The Glasshouse by Hector Parsons Part 2

Shall we go back to the glasshouse? Shall we? Why not? Its been ages. Its been years. Surely not years, surely its only been months. I wonder if we’ll find anything? Like that bra. You’ll never find anything as good as that. Wow that was a good day. So was that. Do you think that wall is still there? Lets go. Lets go. Just once. Come on. Lets go. Lets go this way. Do remember when we had to walk all the way round there because we didn’t want my Mum and Dad to see us? And we used to come through here so fast like make-believe planes. I remember. Do you remember the deer? That awful deer, thrashing around. Poor thing. I can’t believe we never got hurt or anything, can you?
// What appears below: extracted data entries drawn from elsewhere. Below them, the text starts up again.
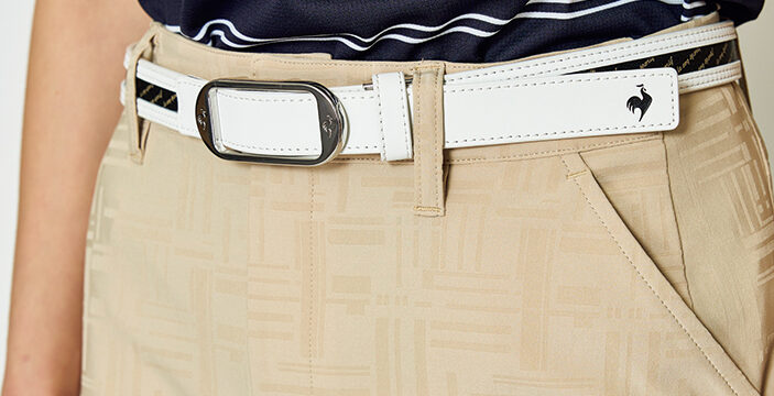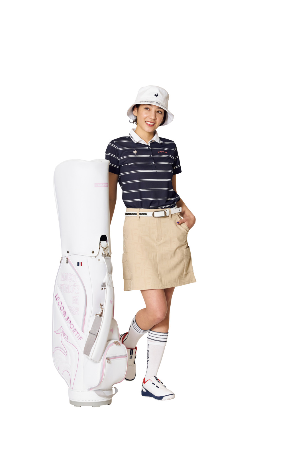 マリンボーダーのポロシャツとジャカード柄スカートで、フランスらしい上品なエッセンスを散りばめたマリンルックに。スマートで可愛らしい印象を演出したスタイリングです。ハット¥6,930、ポロシャツ¥11,550、スカート¥12,100、ベルト¥7,700、ソックス¥1,980、シューズ¥14,850、キャディバッグ¥36,300(すべてルコックスポルティフゴルフ)、その他スタイリスト私物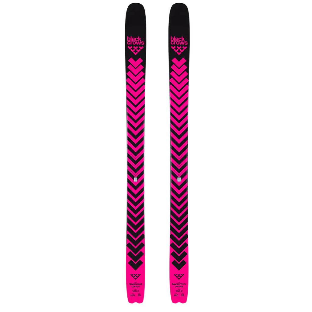The Corvus is the original blackcrows ski, the founder, the black stallion. Born in the winter of 2007-2008, it is the essence of blackcrows skiability: everyday, every kind of snow, every terrain, the pleasure and curve playfulness. Here's the fifth version of the mothership. And it's an all-new shape: classic camber, straight lines, 2 progressive rockers, a dash of titanal, a touch of alpine, and here's the new beast for big mountain skiing, made to enjoy big curves, go fast, and pivot in couloirs. This version marks the return of the black bird to the zenith of free skiing in big terrain.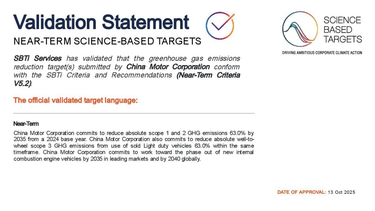 面對全球氣候變遷趨勢,中華汽車宣布在2025年10月正式通過國際科學基礎減碳目標倡議 (SBTi) 近程目標驗證,成為台灣首家通過SBTi的汽車製造商,向《巴黎協定》1.5°C控溫目標展現最直接的承諾。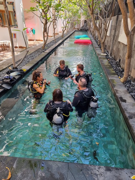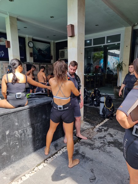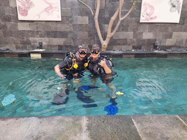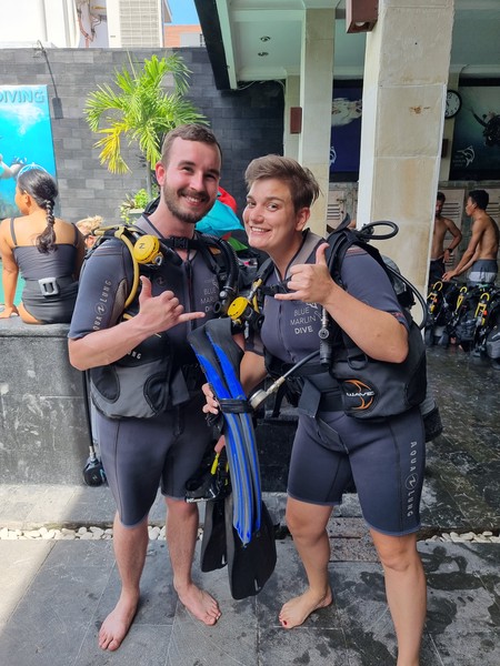 Deze dag was het dan zover, Hilde vind het nog steeds erg spannend, maar door alle goede verhalen van Richard en het duikresort in Mabul moest het er een keer van komen. Nu samen met Peter, wat het wel echt een toffere ervaring maakt. Nu kan je het delen met elkaar. We begonnen met weer een heerlijk ontbijt in een van de goede koffietentjes hier, om vervolgens bij de duikschool ons te melden en te beginnen met het theoretische gedeelte. We hadden nog twee andere mensen die mee gingen doen met deze proefduik. Een jongen uit Duitsland, samen met zijn vriendin uit Hongarije. Het meisje vond het heel spannend, dat zag je aan alles. Peter en Hilde hadden gezonde spanning en daarom wel misschien soms iets wat te veel lol. Tja… de spanning moet er toch op een bepaalde manier uit! ;) Na de korte en duidelijke theorie achter verschillende gebaren, hoe te klaren en de uitleg hoe en wat we allemaal gingen doen, gingen we de uitrusting passen en aantrekken. In het zwembad leerde we hoe we rustig konden ademen, hoe we het masker konden klaren en hoe we onze mondstuk voor lucht altijd weer terug konden vinden wanneer deze op wat voor manier dan ook uit je mond zou raken. Peter en ik slaagde met vlag en wimpel en hebben samen nog wat geoefend met het zwemmen. We waren zo enthousiast dat we het helemaal miste dat het stel ermee stopte. Het meisje was te oncomfortabel in het water en met het ademen onder water raakte ze in paniek.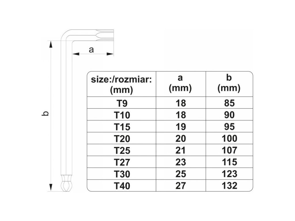 • T9 18x85 mm • T10 18x90 mm • T15 19x95 mm • T20 20x100 mm • T25 21x107 mm • T27 23x115 mm • T30 25x123 mm • T40 27x132 mm • CrV
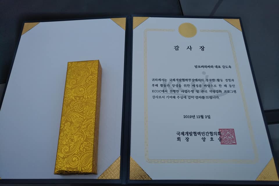 국제개발협력 협의체로 부터 감사장을 받다. 나에게는 정말 큰 상 201912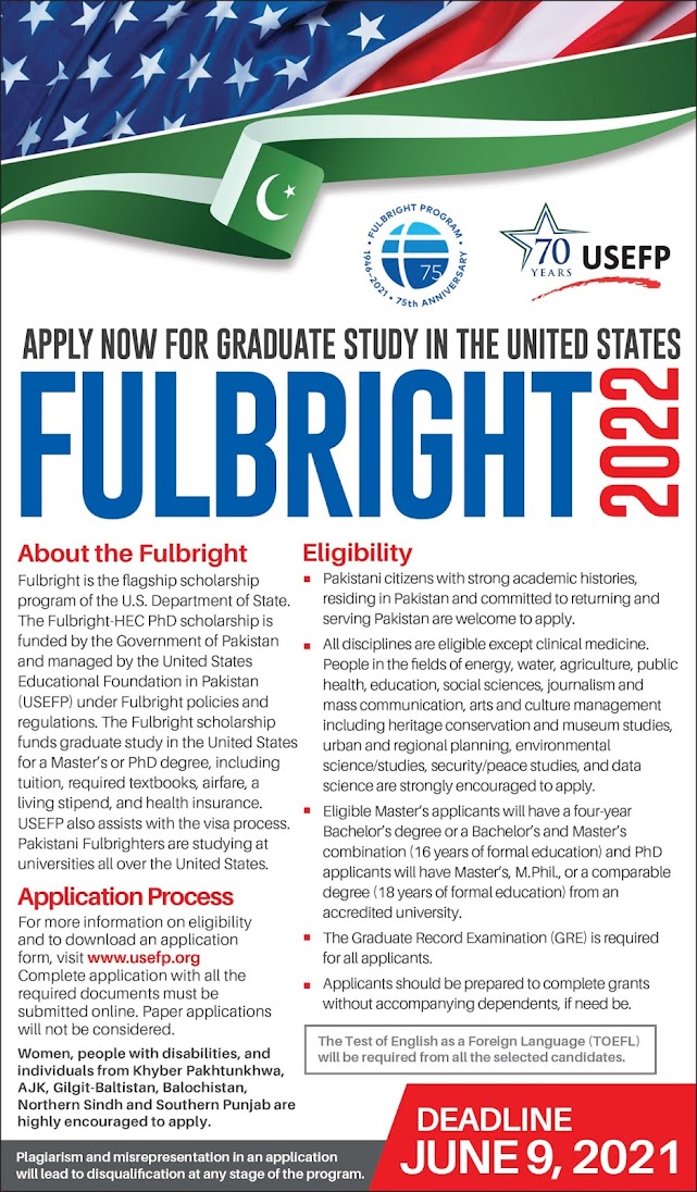 Scholarship: USEFP Fulbright Scholarship for BA MA & Ph.D. 2021.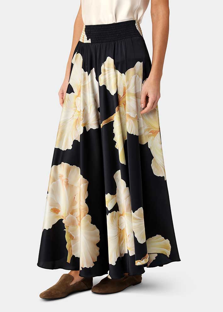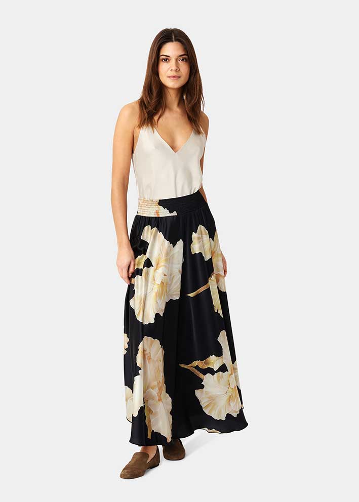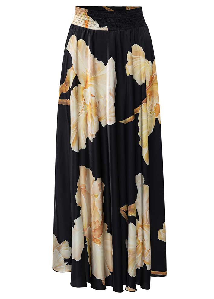 Smuk Savannah nederdel i det flotte nye print, gold maxi flower fra Karmamia. Nederdelen er designet i silkeagtigt miljøvenligt polyester, der falder flot, ikke krøller og er super behageligt at have på. Nederdelen har bred behagelig elastiktalje og masser af vidde.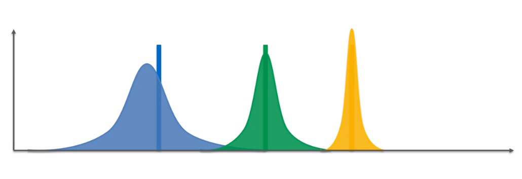the actual meaning of this these distributions is not what you might think at first so these distributions are actually showing us or they're representing not to the degree we're not trying to guess the distributions behind the machine.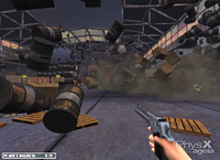CellFactor: Combat Trainingより,布状のオブジェクト。静的なものに見えるが,きちんと物理法則が働いており,攻撃によって穴を開けることが可能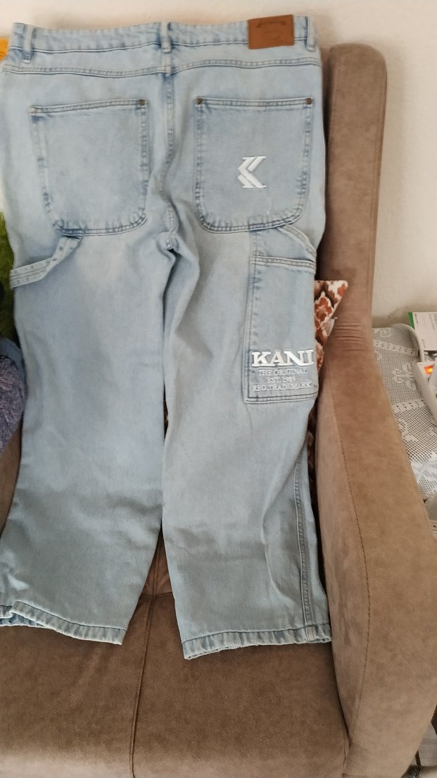 Düğmeli ve cepli, gri-mavi tonlarında loose fit kot pantolon. Günlük kullanıma uygun, KAN nakış detaylı.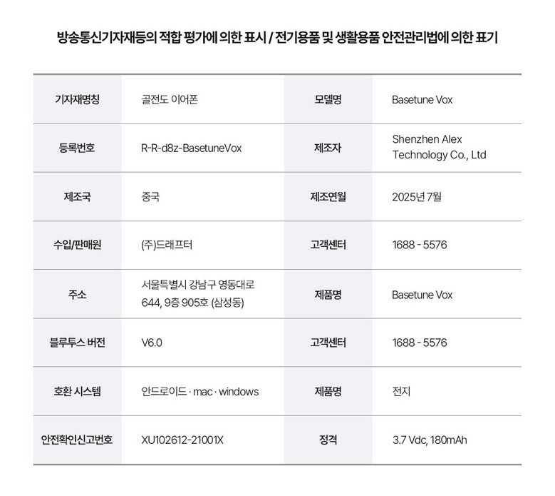 | 품명 및 모델명 | 베이스튠 복스 Basetune Vox | KC 인증정보 | 필증번호 : R-R-d8z-BasetuneVox |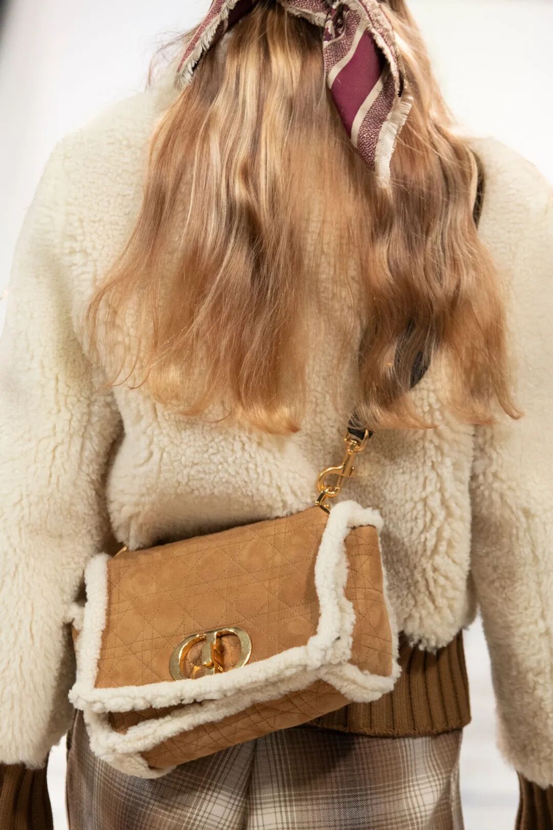 还有这款诞生于2021早春度假系列的手提包也是令人眼前一亮,少有的三角形托特,加以毛绒勾勒出的经典菱格,十分具有辨识度,在秋冬背出不一样的时髦感。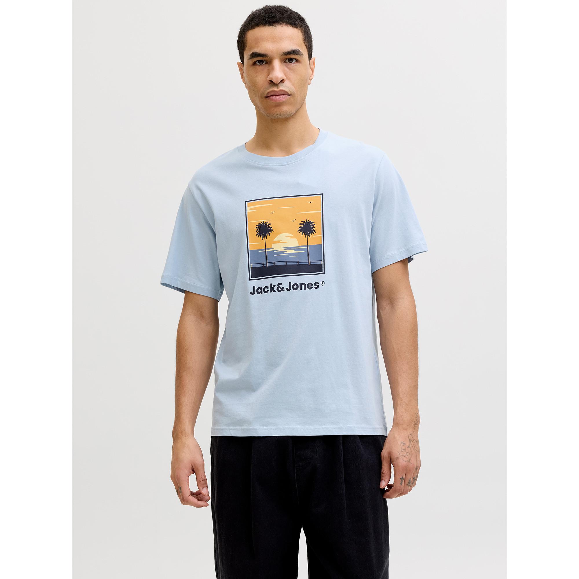 JACK & JONES Perry T-Shirt Girocollo con Stampa Palma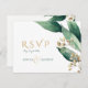 Folhas botânicas de cor d'água pintadas na russa em verde-limpador da floresta, moderno, elegante e romântico, cartões postais RSVP de excelente para casamento rústico, casamento no campo e casamento de jardim em primavera e verão. Veja todas as peças correspondentes na coleção abaixo.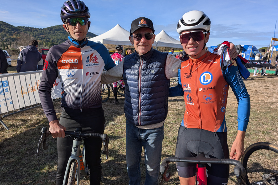 Le dimanche 28 décembre, nous organisions la reconnaissance officielle du parcours de l’édition 2026 du Cyclo-cross du Pays d’Apt à Gargas. En plus d’une solide équipe de notre club, des cyclistes de toute la région se sont joints à nous pour une matinée de cyclo-cross où chacun a pu prendre ses marques sur un tracé rendu technique par quelques jours de pluie. Les élus de la mairie de Gargas nous ont rejoints pour apprécier à la fois la qualité du parcours local et le formidable état d’esprit qui règne autour de cette discipline. Maintenant, place à la course prévue le 11 janvier, servant de support au championnat Région Sud UFOLEP… en attendant l’organisation du championnat National UFOLEP 2029, qui sera organisé par le Vélo Club Apt au village du cyclo-cross ; autrement dit : Gargas.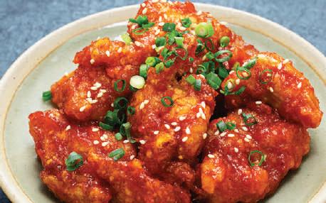 国料理ヤンニョムチキ ンは、鶏肉の臭みを消 すために誕生しまし た。クセにな 甘辛ソ ースに絡め たチキ ンとビールを一緒に楽 しめば、疲 も吹き飛 ぶかもし ません。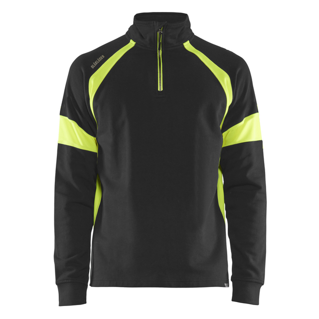 Denna sweatshirt är tillverkad i en blandning av polyester och bomull, vilket ger en bekväm och slitstark känsla. Den har ribbstickade muddar för en bra passform och borstad fleece på insidan för extra värme. Finns i varselfärgerna gul och orange för ökad synlighet.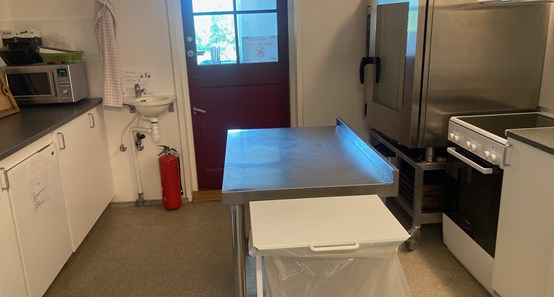 Huset har et stort anretterkøkken, handicaptoilet samt almindeligt toilet.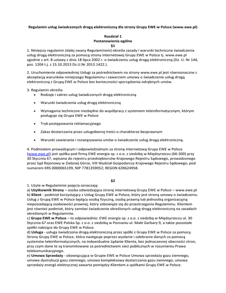 Regulamin usług świadczonych drogą elektroniczną dla strony Grupy EWE w Polsce (www.ewe.pl) Rozdział 1 Postanowienia ogólne §1 1. Niniejszy regulamin (dalej zwany Regulaminem) określa zasady i warunki techniczne świadczenia usług drogą elektroniczną za pomocą strony internetowej Grupy EWE w Polsce tj. www.ewe.pl zgodnie z art. 8 ustawy z dnia 18 lipca 2002 r. o świadczeniu usług drogą elektroniczną (Dz. U. Nr 144, poz. 1204 t.j. z 15.10.2013 Dz.U.Nr 2013.1422.). 2. Uruchomienie odpowiedniej Usługi za pośrednictwem na strony www.ewe.pl jest równoznaczne z akceptacją warunków niniejszego Regulaminu i zawarciem umowy o świadczenie usług drogą elektroniczną z Grupą EWE w Polsce bez konieczności sporządzenia odrębnych umów. 3. Regulamin określa: Rodzaje i zakres usług świadczonych drogą elektroniczną Warunki świadczenia usług drogą elektroniczną Wymagania techniczne niezbędne do współpracy z systemem teleinformatycznym, którym posługuje się Grupa EWE w Polsce Tryb postępowania reklamacyjnego Zakaz dostarczania przez usługobiorcę treści o charakterze bezprawnym Warunki zawierania i rozwiązywania umów o świadczenie usług drogą elektroniczną. 4. Podmiotem prowadzącym i odpowiedzialnym za stronę internetową Grupy EWE w Polsce (www.ewe.pl) jest spółka pod firmą EWE energia sp. z o.o. z siedzibą w Międzyrzeczu (66-300) przy 30 Stycznia 67, wpisana do rejestru przedsiębiorców Krajowego Rejestru Sądowego, prowadzonego przez Sąd Rejonowy w Zielonej Górze, VIII Wydział Gospodarczy Krajowego Rejestru Sądowego, pod numerem KRS 0000065199, NIP 7781359052; REGON 639624958. §2 1. Użyte w Regulaminie pojęcia oznaczają: a) Użytkownik Strony – osoba odwiedzająca stronę internetową Grupy EWE w Polsce – www.ewe.pl b) Klient - podmiot korzystający z Usług Grupy EWE w Polsce, który jest stroną umowy o świadczeniu Usług z Grupą EWE w Polsce będący osobą fizyczną, osobą prawną lub jednostką organizacyjną nieposiadającą osobowości prawnej, który zobowiąże się do przestrzegania Regulaminu. Klientem jest również podmiot, który zamówi świadczenie określonych usług drogą elektroniczną na zasadach określonych w Regulaminie. c) Grupa EWE w Polsce – to odpowiednio: EWE energia sp. z o.o. z siedzibą w Międzyrzeczu ul. 30 Stycznia 67 oraz EWE Polska Sp. z o.o. z siedzibą w Poznaniu ul. Małe Garbary 9, a także pozostałe spółki należące do Grupy EWE w Polsce. d) Usługa - usługa świadczona drogą elektroniczną przez spółki z Grupy EWE w Polsce za pomocą Strony Grupy EWE w Polsce, która następuje poprzez wysłanie i odebranie danych za pomocą systemów teleinformatycznych, na indywidualne żądanie Klienta, bez jednoczesnej obecności stron, przy czym dane te są transmitowane za pośrednictwem sieci publicznych w rozumieniu Prawa telekomunikacyjnego. e) Umowa Sprzedaży - obowiązująca w Grupie EWE w Polsce Umowa sprzedaży gazu ziemnego, umowa dystrybucji gazu ziemnego, umowa kompleksowa dostarczania gazu ziemnego, umowa sprzedaży energii elektrycznej zawarta pomiędzy Klientem a spółkami Grupy EWE w Polsce. f) Strona Grupy EWE w Polsce - strona internetowa dla Klientów Grupy EWE w Polsce udostępniająca informacje o firmie i spółkach Grupy EWE w Polsce dostępna pod adresem www.ewe.pl. g) Przeglądarka internetowa - program komputerowy umożliwiający pobieranie i wyświetlanie stron internetowych umieszczonych na serwerze internetowym. Grupa EWE w Polsce zaleca korzystanie z Przeglądarek podanych w miejscu określonym w §3 ust.1 Regulaminu. h) Prawo telekomunikacyjne - ustawa z dnia 16 lipca 2004 r. - Prawo telekomunikacyjne (Dz. U. Nr 171, poz. 1800 z późn. zm.). i) Cookies – tzw. ciasteczka, czyli pliki tekstowe zapisywane automatycznie na dysku lokalnym komputera przez Przeglądarkę internetową i przechowujące informacje dot. odwiedzin takie jak np. typ przeglądarki itp. j) Newsletter – biuletyn w formie elektronicznej rozsyłany do Klientów za pomocą poczty elektronicznej po ich wcześniejszym zapisaniu się do niego. k) Adres poczty elektronicznej – to tzw. adres email umożliwiający przesyłanie wiadomości internetowych (listów elektronicznych) poprzez sieć komputerową, w tym poprzez Internet, składający się z identyfikatora użytkownika, znaku @ oraz nazwy domenowej serwera poczty. l) System teleinformatyczny - zespół współpracujących ze sobą urządzeń informatycznych i oprogramowania, zapewniający przetwarzanie i przechowywanie, a także wysyłanie i odbieranie danych poprzez sieci telekomunikacyjne za pomocą właściwego dla danego rodzaju sieci urządzenia końcowego w rozumieniu Prawa telekomunikacyjnego. ł) Środki komunikacji elektronicznej - rozwiązania techniczne, w tym urządzenia teleinformatyczne i współpracujące z nimi narzędzia programowe, umożliwiające indywidualne porozumiewanie się na odległość przy wykorzystaniu transmisji danych między Systemami teleinformatycznymi, a w szczególności pocztę elektroniczną. m) Ustawa o świadczeniu usług drogą elektroniczną - ustawa z dnia 18 lipca 2002 r. o świadczeniu usług drogą elektroniczną (Dz. U. Nr 144, poz. 1204 z poźn. zm.). n) Umowa o przyłączenie do sieci gazowej - obowiązująca w Grupie EWE Polska umowa umożliwiająca przyłączenie do sieci gazowej EWE energia. §3 1. Prawidłowe korzystanie z Usług Grupy EWE w Polsce możliwe jest pod warunkiem spełnienia przez System teleinformatyczny Klienta lub/i Użytkownika Strony minimalnych wymagań technicznych: Przeglądarka internetowa: Internet Explorer (wersja min. 8 lub wyższa), Mozilla Firefox, Opera, Chrome, Safari Strona internetowa Grupy EWE w Polsce zapewnia kompatybilność z urządzeniami mobilnymi obsługiwanymi przez następujące systemy: iOS 5.x, iOS 6.x, Android 4.x, Windows Phone 8. Grupa EWE w Polsce dołoży starań, w celu zapewnienia aby korzystanie z Usług możliwe było dla użytkown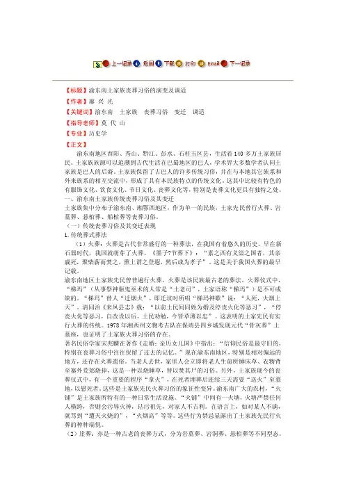 一、土家族丧葬仪式概述土家族是一个重视宗族和家族的大家庭型社会,丧葬仪式在土家族文化中具有重要地位。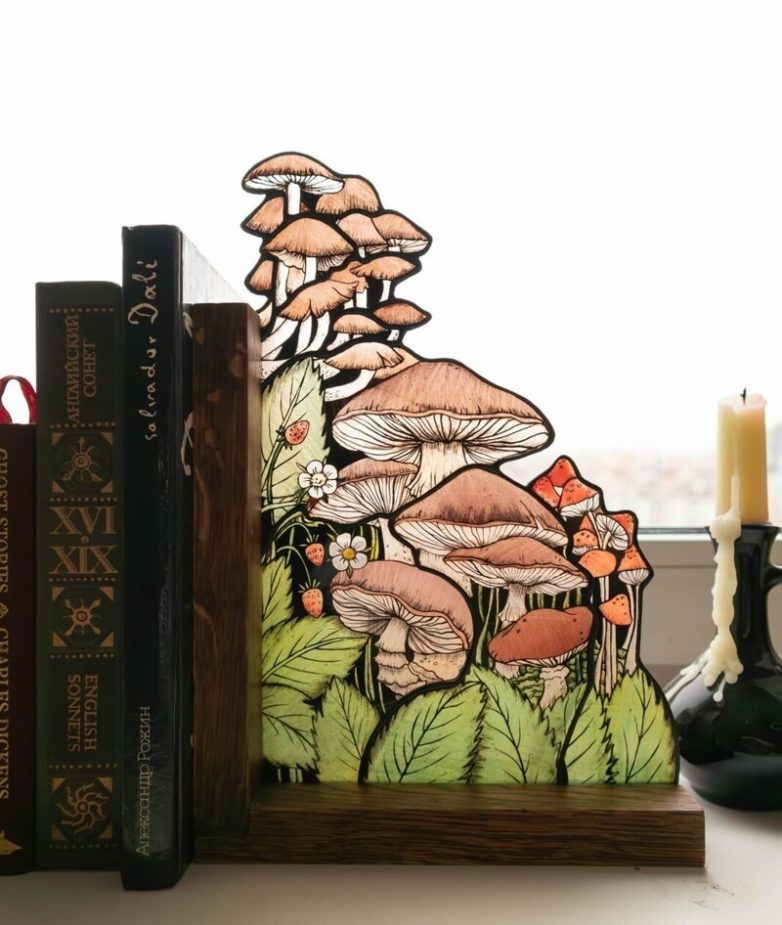 10. Подставка для книг с грибами из цветного стекла ручной работы

We went back to the same sunlight that the nuns had left. And we did it all again. Broken laughter cut the air and shards of glass were thrown carefully through the trees. There were half-smiles when they smashed. Then someone suggested that we climb the old trees. We started to climb ironically, each of us wrapped around a trunk like ivy, inching further towards the sun. We were not talking but the silent conversation of competition was punctuated by the odd grunt of exertion, or the sharp crack as a misplaced foot broke off a misread branch. We got higher and higher. We held on tight, the moss against our cheeks and climbed and climbed, branch after branch. At first, we were together, but the gaps between us were expanding. One by one, they stopped. I left them dangling and shouting on the trunks below. I left the glasshouse and my friends far behind me. I never found if the last wall ever fell under our weight. If it did, I was not there to hear it. I kept climbing higher. I climbed above the wings of the fighter planes that were shooting through the treetops. Above the radio signals and the giggling and the shouts of my friends; above the houses and the streets; above the cities far away; above the broken mirrors; above the roots and the foundations. I nearly broke through the canopy that washed over my head like a wave. I climbed up towards the light, with my feet on branches that were getting thinner. The light grew brighter. I climbed higher.

Until, quietly, I fell.

I fell through the canopy of leaves, down through the branches. Down to the radios and the roots and my friends; and my fall and I were broken by a bed of glass.